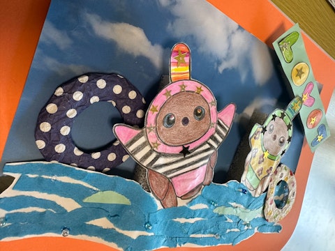 「ボタンかな?」と言われてたものは、くしゃくしゃにした折り紙の中にティッシュを詰めて、それを貼っているそうです。
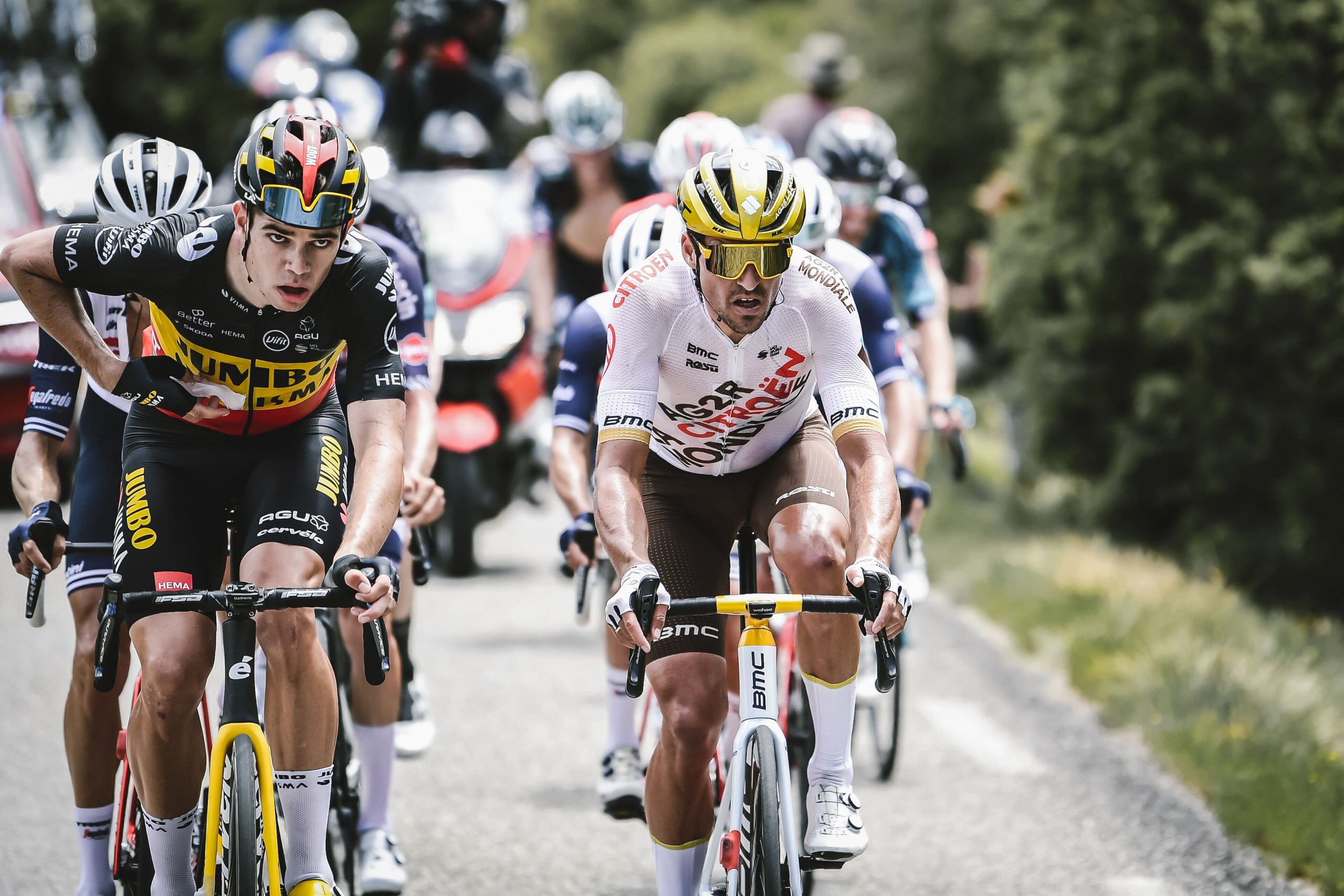 Vegard Stake Laengen (UAE Team Emirates), Wout van Aert (Jumbo-Visma), Julian Bernard, Kenny Elissonde, Bauke Mollema (Trek-Segafredo), Nils Politt (Bora-Hansgrohe), Xandro Meurisee, Kristian Sbaragli (Alpecin-Fenix), Greg van Avermaet, Benoît Cosnefroy (Ag2r-Citröen), Luke Durbridge (BikeExchange), Quentin Pacher (B&B Hotels-KTM) y Pierre-Luc Périchon (Cofidis) saltarían del pelotón en torno al kilómetro 50, de forma escalonada, y unirían fuerzas para cazar al grupo cabecero en el 99, ecuador de la etapa. Por detrás, el intenso ritmo propiciaba más de media docena de abandonos; el más notable, de Tony Martin (Jumbo-Visma) tras una dura caída en los compases iniciales de la etapa (km 25).
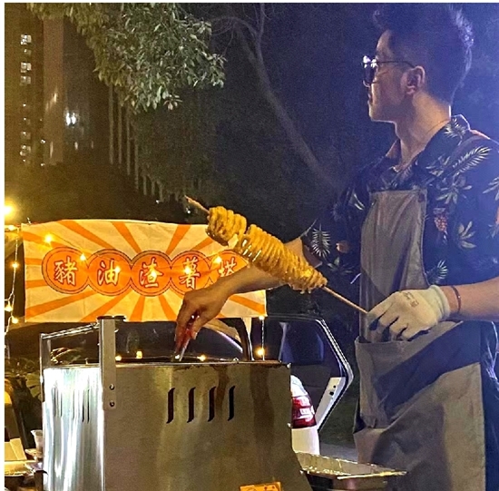 这个27岁的大溪小伙,专做“后备厢”夜市,卖的是猪油渣和薯塔。“我把在夜市中摆摊当作一种社交途径。”赵东波说。
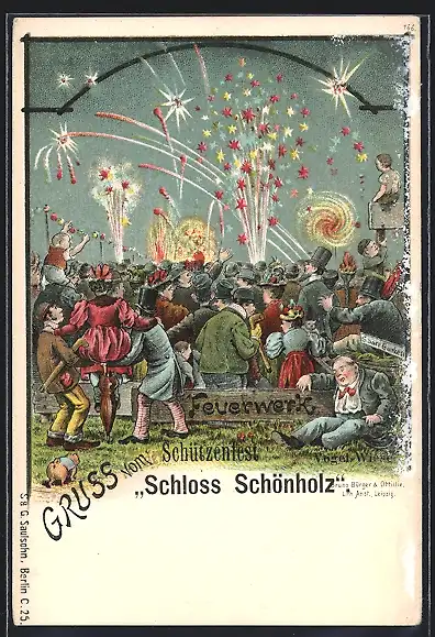 Lithographie Dresden, Vogelwiese, Nächtliches Feuerwerk
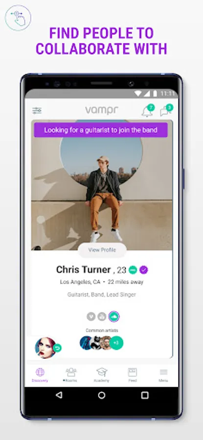 Find musicians, industry professionals and music lovers near you to collaborate with and get discovered. There are over 1M users on Vampr so youβll find everything from singers to guitarists, audio mixers, composers and a lot more. Hire someone for a gig or find your new band member, the possibilities are endless.

▶ _Directions for this task_
I need the lines from the one holding "Lithographie Dresden, Vogelwiese, Nächtliches" through the last line of the entries set down exactly, with every picture left out.

▶ _Result_
 Lithographie Dresden, Vogelwiese, Nächtliches Feuerwerk
 Find musicians, industry professionals and music lovers near you to collaborate with and get discovered. There are over 1M users on Vampr so youβll find everything from singers to guitarists, audio mixers, composers and a lot more. Hire someone for a gig or find your new band member, the possibilities are endless.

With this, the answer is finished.